I've watched three episodes of it now. I do think it's better, on balance, than the 2007 film, and I think that's due in large part to the time budget the TV series has. But if I had to distill what bothers me about this adaptation into a single word, I'd reach for "flat" again. The novel was often slowly paced, written lyrically, and wove a very rich world. Lyra's journey was allowed to unfold in the novel at a pacing that worked, at least for me.
Particularly with her discovery of how to use the alethiometer, a sort of magical compass that points at "truth" -- in the novel, she spent long hours fiddling with it, until she began to grasp intuitively how to use it. This was a slow process, and though it was clear that she was gifted with respect to the device, her learning to use it was through effort and practice, and we saw how she began to understand how to ask questions of it.
Whereas, in last night's third episode, we see Lyra learn to use it essentially in a single go, because she urgently wanted to. It was a "Use the force, Lyra!" moment that turned the novel's deliberate pacing into something more akin to a super-hero moment. Peter Parker gets bit by radioactive spider, bam! Bruce Banner gets irradiated by gamma rays, bam! Lyra wants to know what happened to her friends, bam!
While I understand why HBO decided to hit fast forward on this, it's ultimately an example of the TV adaptation feeling flat and forced to me.
HBO has made other changes that I can understand the rationale for, but don't think really improve upon the novel. For example, I'm reasonably certain that in the novel, no one was seen to be traveling between Lyra's world and others in the multiverse it is part of until the very end. HBO shows, very early in the series, one of Lyra's antagonists traveling to what is clearly our modern London, to enlist the help of a hacker to gain information about someone he suspects has also been traveling between the two worlds. While bringing this forward in the narrative isn't a fatal issue for me, it's a curious choice -- it not only doesn't really help the main plot (Lyra and the Gyptians helping her trying to discover what's being done to kidnapped children), but it also lessens the dramatic impact of the novel's end, wherein Lord Asriel is seen to travel to another world. Once again, I feel like it's a sort of general flattening of the novel's narrative.
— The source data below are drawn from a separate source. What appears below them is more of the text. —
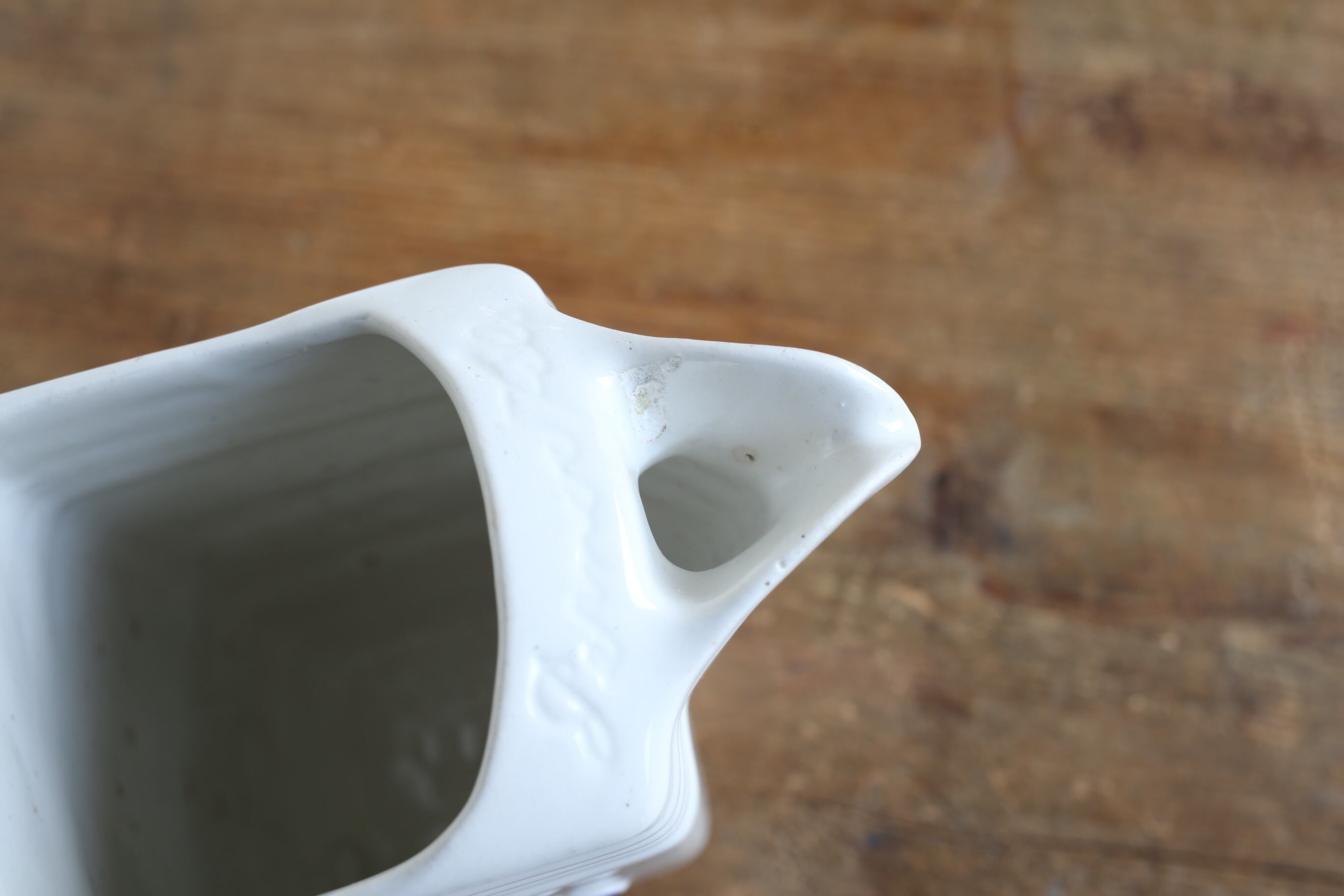 注ぎ口の付け根辺りに釉薬の剥げ、カケがあります。
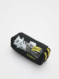 Piórnik o prostej formie, wykonany z tkaniny z nadrukiem.
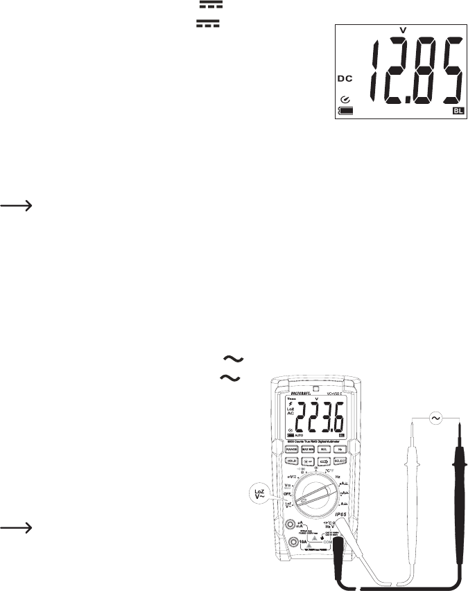 Voor het meten van gelijkspanningen “DC” (V ) gaat u als volgt te werk: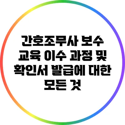 확인서는 간호조무사가 보수 교육을 이수한 후 발급받는 필수 문서에요. 이 문서는 개인의 지속적인 교육 이수를 증명하며, 취업 시에도 유용하게 사용됩니다.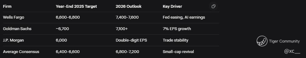$S&P 500(.SPX)$ $NASDAQ(.IXIC)$ Wall Street's on fire after Wells Fargo cranked up its year-end forecast to 6,600-6,800, ditching the old 6,300-6,500 range amid Fed easing magic and AI-fueled earnings blasts. This midpoint leap screams over 4% upside from prior vibes, with 2026 visions hitting 7,400-7,600 as small caps roar back and tech titans dominate. Benchmark's already flexing at 6,632 post-cut, with Nasdaq and Russell 2000 smashing records, proving rate relief supercharges risk assets like clockwork. Global funds dumped $18B last week, but dip-buyers own the tape, eyeing double-digit EPS growth and tariff dodges for a multi-month melt-up. Crypto's syncing up too—BTC at $116K teasing ATHs as liquidity floods in.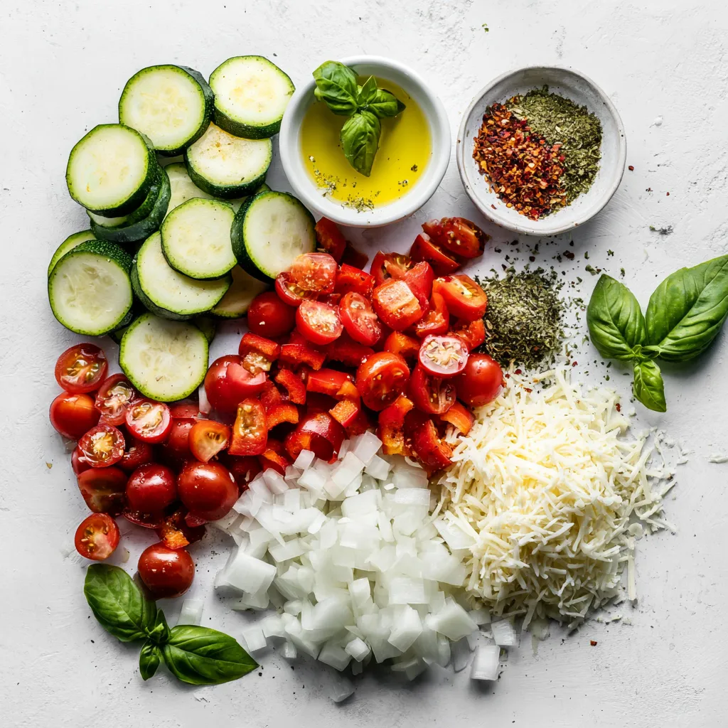 - In a large bowl, combine sliced zucchinis, cherry tomatoes, red bell pepper, onion, and minced garlic. Drizzle with olive oil, and season with oregano, basil, crushed red pepper flakes, salt, and pepper. Toss to coat the vegetables evenly.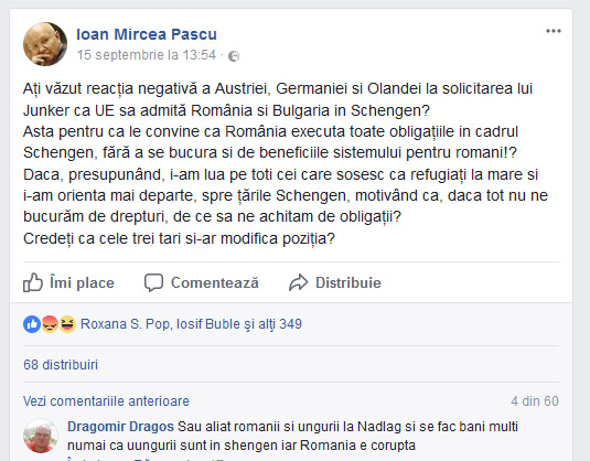 „Ati vazut reactia negativa a Austriei, Germaniei si Olandei la solicitarea lui Junker ca UE sa admita Romania si Bulgaria in Schengen? Asta pentru ca le convine ca Romania executa toate obligatiile in cadrul Schengen, fara a se bucura si de beneficiile sistemului pentru romani!?  Daca, presupunand, i-am lua pe toti cei care sosesc ca refugiati la mare si i-am orienta mai departe, spre tarile Schengen, motivand ca, daca tot nu ne bucuram de drepturi, de ce sa ne achitam de obligatii? Credeti ca cele trei tari si-ar modifica pozitia?”, a scris Pascu, pe Facebook.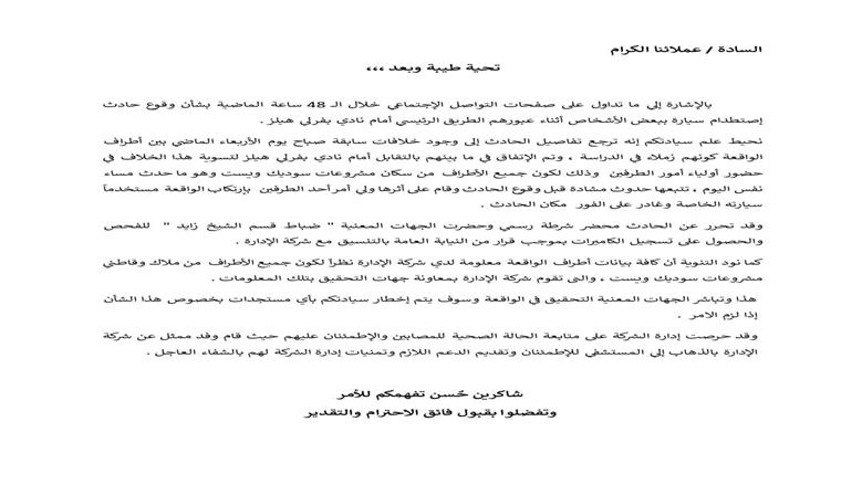 وأضاف البيان أن الشركة تتابع الحالة الصحية للمصابين عن قرب، حيث توجه وفد ممثل عنها إلى المستشفى للاطمئنان عليهم وتقديم الدعم اللازم، مؤكدًا أن التحقيقات لا تزال جارية لكشف كافة ملابسات الحادث ومحاسبة المتسببين فيه.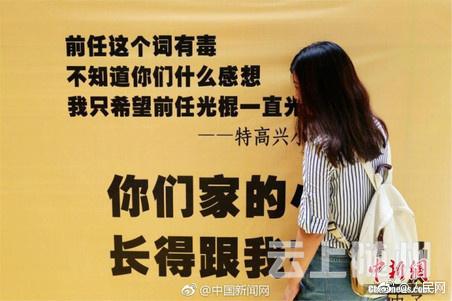“希望你过的没我好”“再见,再也不见”“前任让我新生”“我很好,愿你也好”… 18日浙江宁波某商场内,近百条“致前任”留言贴满了墙壁和地面。这些句子来自网络征集,希望在网络情人节中,引发人们对爱的共鸣。来留言说说,你想对前任说__?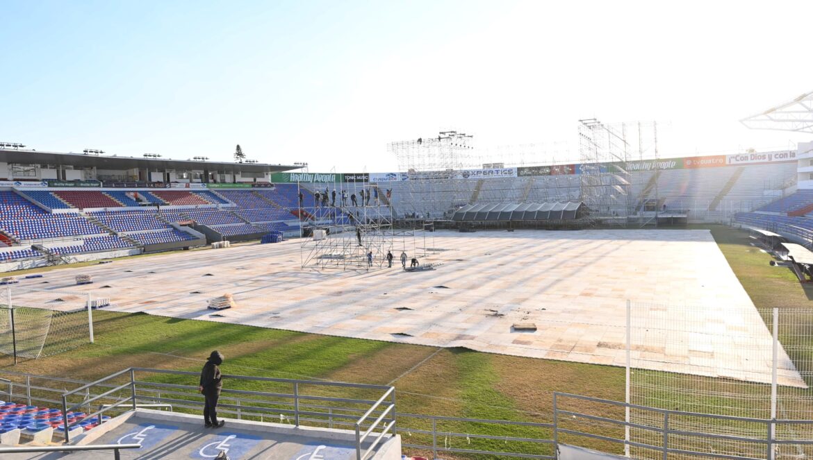 Irapuato, Gto. 04 de diciembre 2024.- El montaje del escenario donde se presentará Luis Miguel en el estadio Sergio León Chávez marcha en tiempo y forma, solo falta la instalación de pantallas y parte del audio, así lo informó el representante de Music Vive, Mario Durán, empresa involucrada en la promoción del concierto.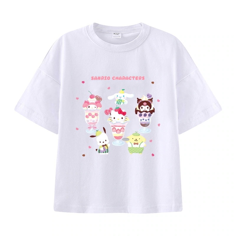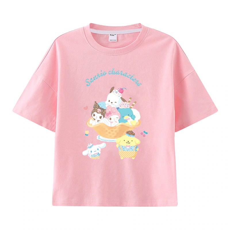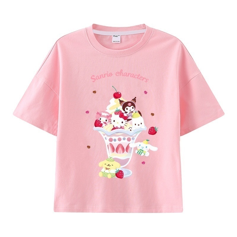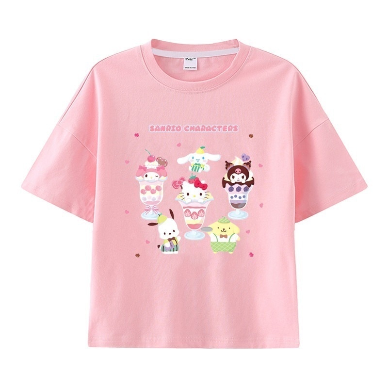 親子服ハローキティ半袖tシャツレディースシャツ純綿sサイズ半袖服中大子供夏服 ハローキティトップス女の子ファッションTシャツブラウス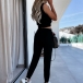 Sexy Sleeveless Round Neck Crop Top + High Waist Pants Two-piece Set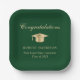 Elegant green graduation party paper plates featuring a gold grad cap, "Congratulations" in a classic script and the graduate's name, school and class year in modern typography.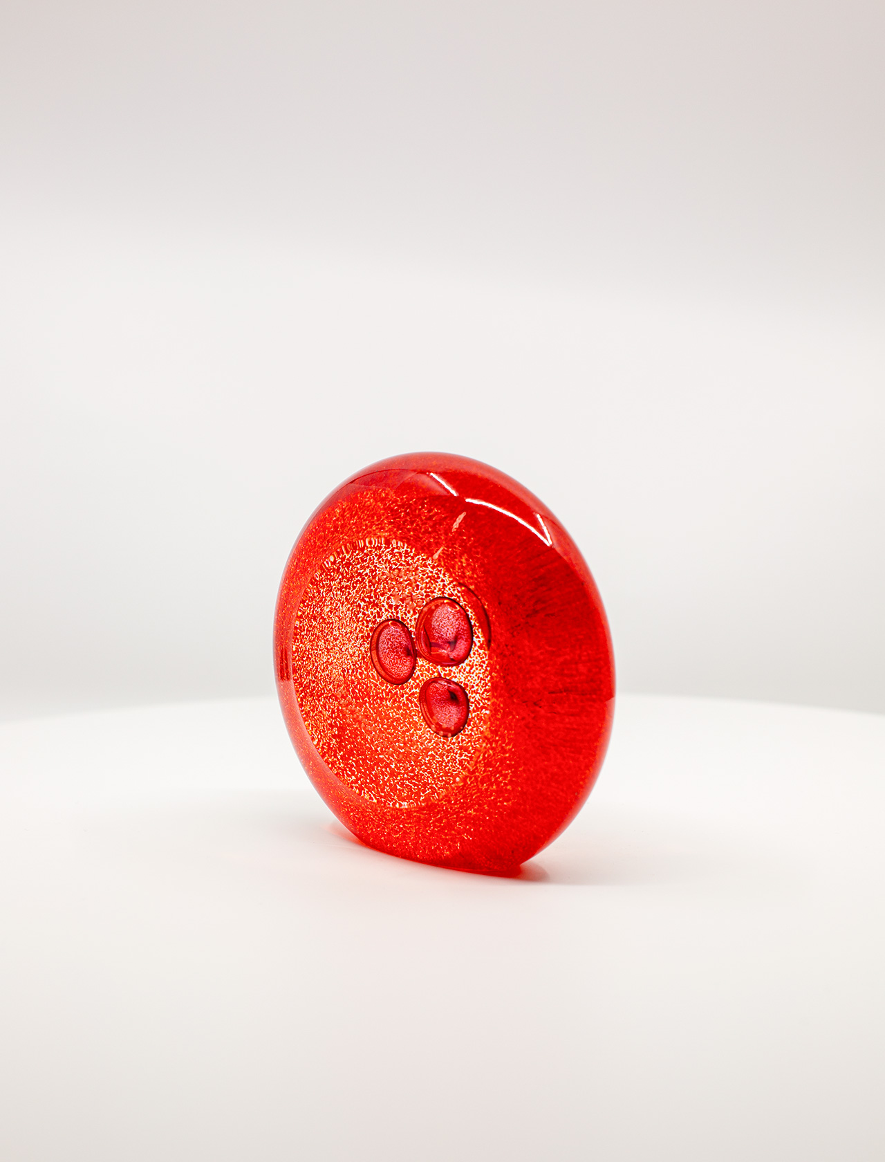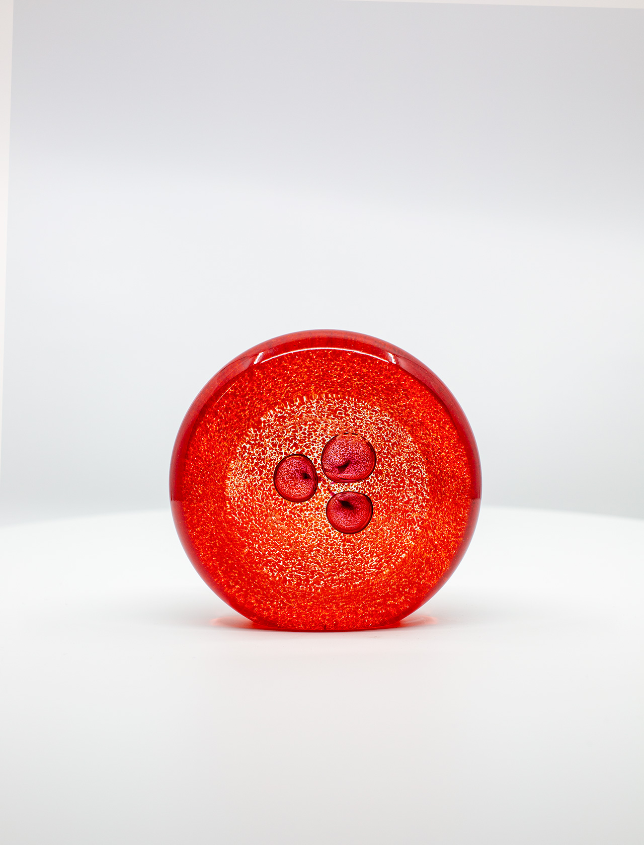 Unikt handgjord massiv skulptur i form av en diskus med invändigt färgade bubblor & överfångsfärg samt ett handslipat facettfönster.

Finally, I'm surprised to find that I don't enjoy Dafne Keen's portrayal of Lyra as much as I'd hoped. Not sure if this is because I keep superimposing her character in "Logan" onto this, or if her performance just feels a bit... "Going to eleven" at times?
In another adaptation of a favorite literary series of mine, "Lord of the Rings", the films made changes that I thought ultimately helped to slim down and focus the narrative (hasta la vista, Tom Bombadil!), but also made some that I thought were dumb and unhelpful. Making the dwarf Gimli the butt of jokes, for example, was pointless and unnecessary. For me, most of HBO's changes feel like that -- "No good reason" -- than for improving upon the source material. And that's a shame, because the source was just fine.